Minister for Justice Michael McDowell has described the drink-driving incident involving Jim McDaid TD as a "very serious lapse", but he declined yesterday to say whether Dr McDaid should resign his Dáil seat or be expelled from his party.
However, he pointed out that other politicians who had been found drink-driving in the past had not resigned. "Jim McDaid isn't the first member of Dáil Éireann to find himself in these circumstances," he said.
"If you look across the benches in the House, it's not unprecedented, it hasn't lead to a resignation in the past."
Dr McDaid could not be contacted for further comment yesterday on his statement on Wednesday admitting the offence and apologising for it.
Gardaí have sent a file on the matter to the DPP and, if a case is proceeded with, it may take two months or more to get to court.
A truck driver who said he witnessed Dr McDaid driving dangerously on the wrong side of the Naas dual carriageway said yesterday his " stomach was turning with fright to see this man go down the road". The driver said he ultimately drove ahead of Dr McDaid's car and blocked his path to make him stop before taking his car keys away.
Gardaí later brought the former minister to Naas Garda station where a sample was taken, and a file is now to be sent to the DPP who will decide whether to charge him.
The most recent conviction of a politician for drink-driving was in 2003 when Fianna Fáil TD GV Wright, who was found to be over the limit after his car struck a pedestrian who received serious injuries.
Former deputy Liam Lawlor was convicted for drink-driving in 2000. Other politicians have received similar convictions in the past including Labour's Michael Bell, Independent senators David Norris and Joe O'Toole and former Labour Party leader Ruairí Quinn.
Mr McDowell said yesterday it was "a matter of huge importance that the public be given an example by those in politics, the example of obeying the law.
"The public now is much less tolerant of this kind of behaviour . . . I believe it's something which reflects badly on politics and I think that the law should be upheld."
When ask if he should be expelled by from the Fianna Fáil party he said: "I'm not going to start telling Fianna Fail what to do." If similar events arose in his own party he was unsure what he would do.
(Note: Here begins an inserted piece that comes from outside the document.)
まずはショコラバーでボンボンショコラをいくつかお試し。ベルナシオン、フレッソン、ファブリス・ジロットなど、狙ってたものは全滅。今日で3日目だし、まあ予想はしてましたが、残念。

It was something he hoped he would never have to face in the Progressive Democrats.
"But the fact is that none of us, no political party, lives on the most exalted of moral planes. Every political party is made up of human beings, and all of us from time to time have lapses of some kind or another. This was a very serious lapse, but it's up to him to deal with it."
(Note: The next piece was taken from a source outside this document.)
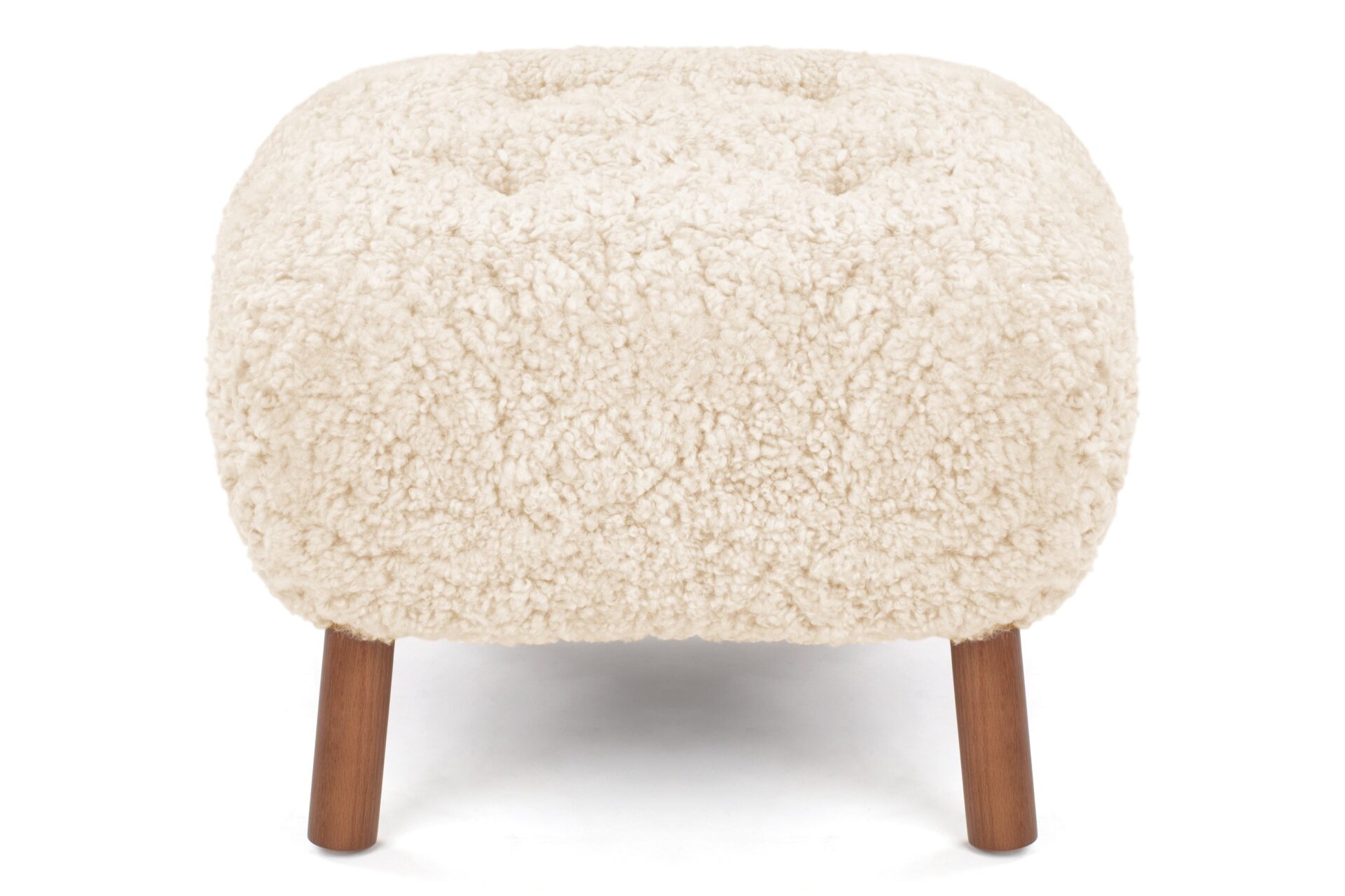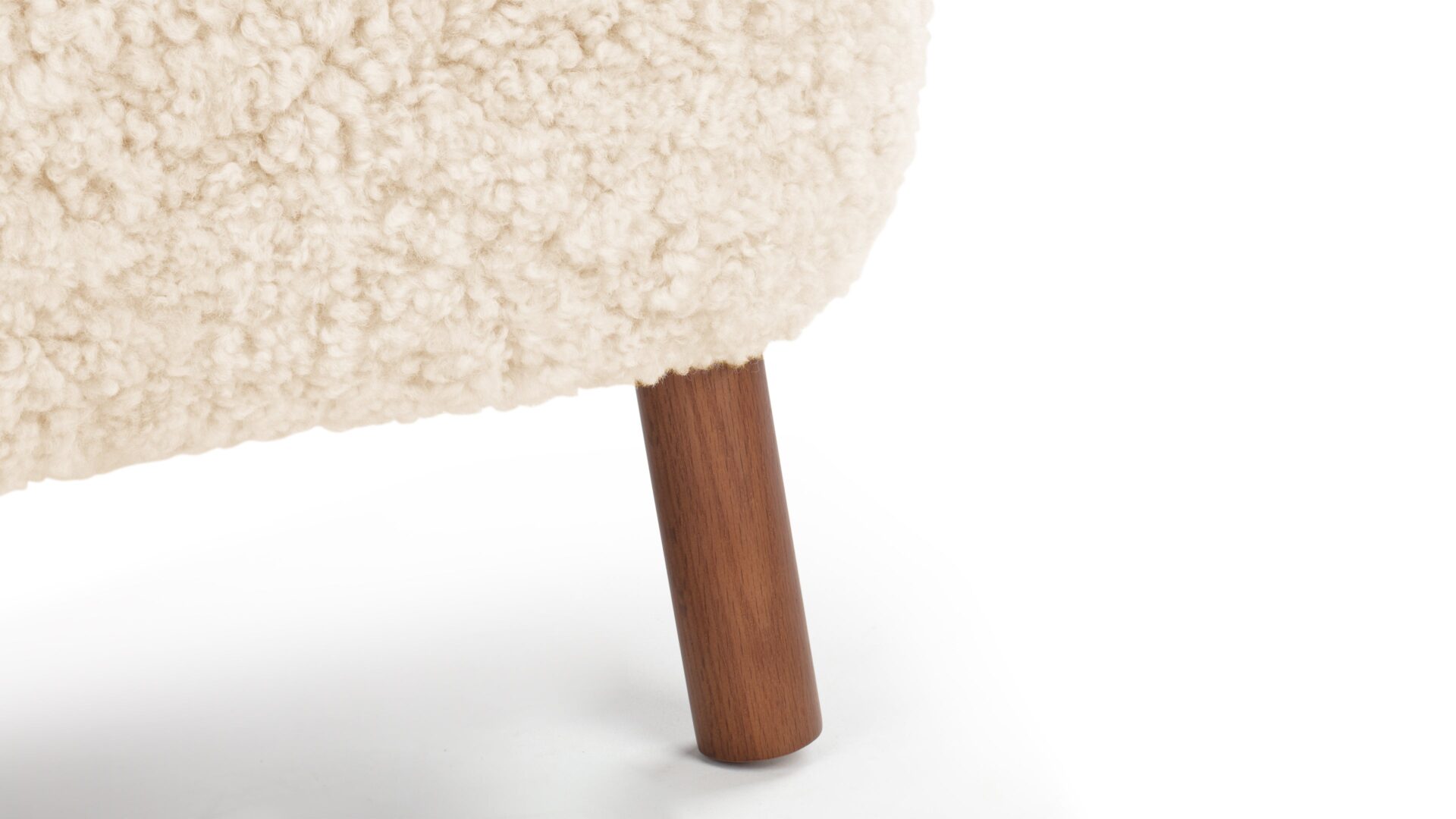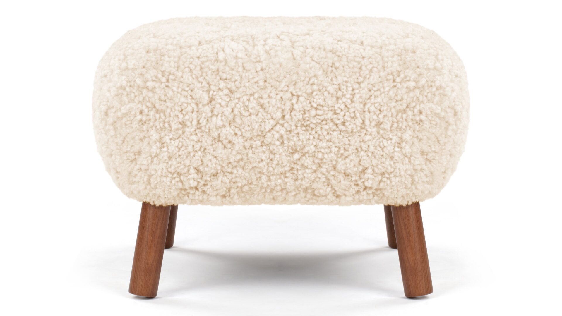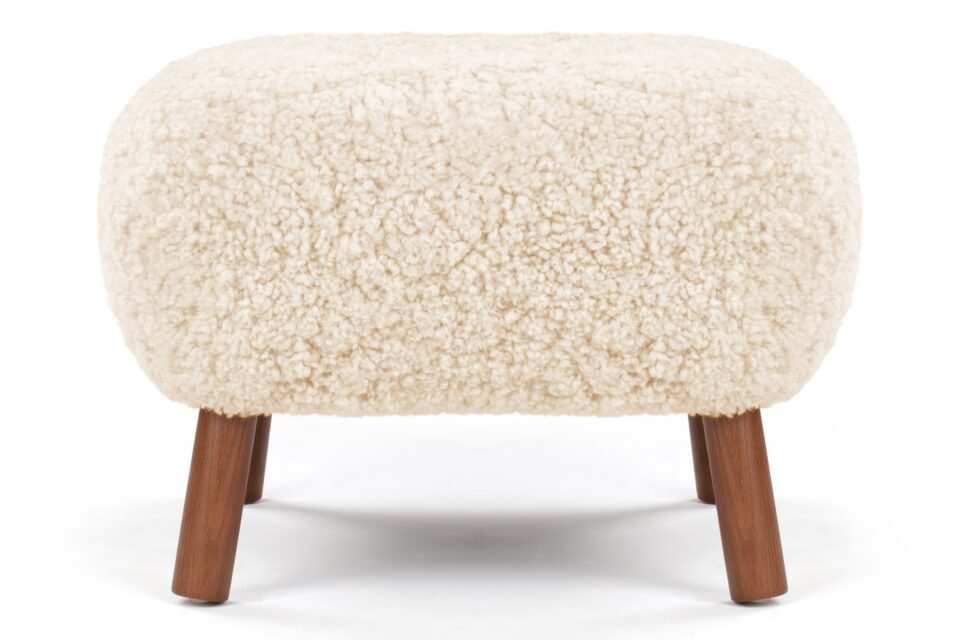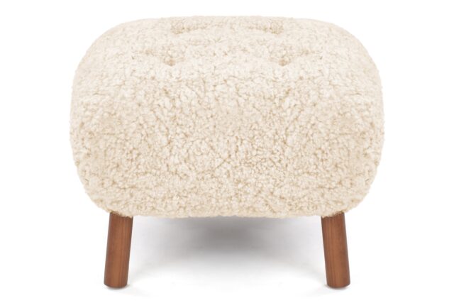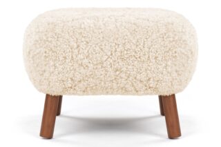 Crafted with a sturdy beech and plywood frame, the Petra Ottoman is enveloped in HR foam and polyester wadding, then luxuriously wrapped in Luxe Sheepskin. It serves as the perfect snug companion to the Lounge Chair or stands elegantly as a chic stool by itself.

Mr McDowell did not see the need for a "knee-jerk reaction" involving changing legislation. "What we want to do is tell every motorist, don't drink and don't drive. Enforcement is the issue, not legislation. I think it is a matter of respecting the law and the law being enforced."
The truck driver who said he witnessed the incident, Patrick Walsh, said he pursued Dr McDaid for around three miles after he began driving on the wrong side of the Naas dual carriageway. Mr Walsh told RTÉ's News at One yesterday he was driving behind Dr McDaid as he came to a roundabout and saw his car turn right and take the next exit off the roundabout against the flow of traffic, instead of veering left to go around the normal way .
The driver, who was hauling a 46-foot trailer, rounded the roundabout the normal way and exited to drive along the dual carriageway on the correct side of the road, parallel to Dr McDaid's car. He said he flashed his lights to warn oncoming traffic, and alerted the Garda on his mobile phone.
The car drove for around three miles against the traffic at 25-30 km/h. Mr Walsh drove ahead of Dr McDaid's car, went around the next roundabout and blocked the exit from which Dr McDaid's car would have emerged.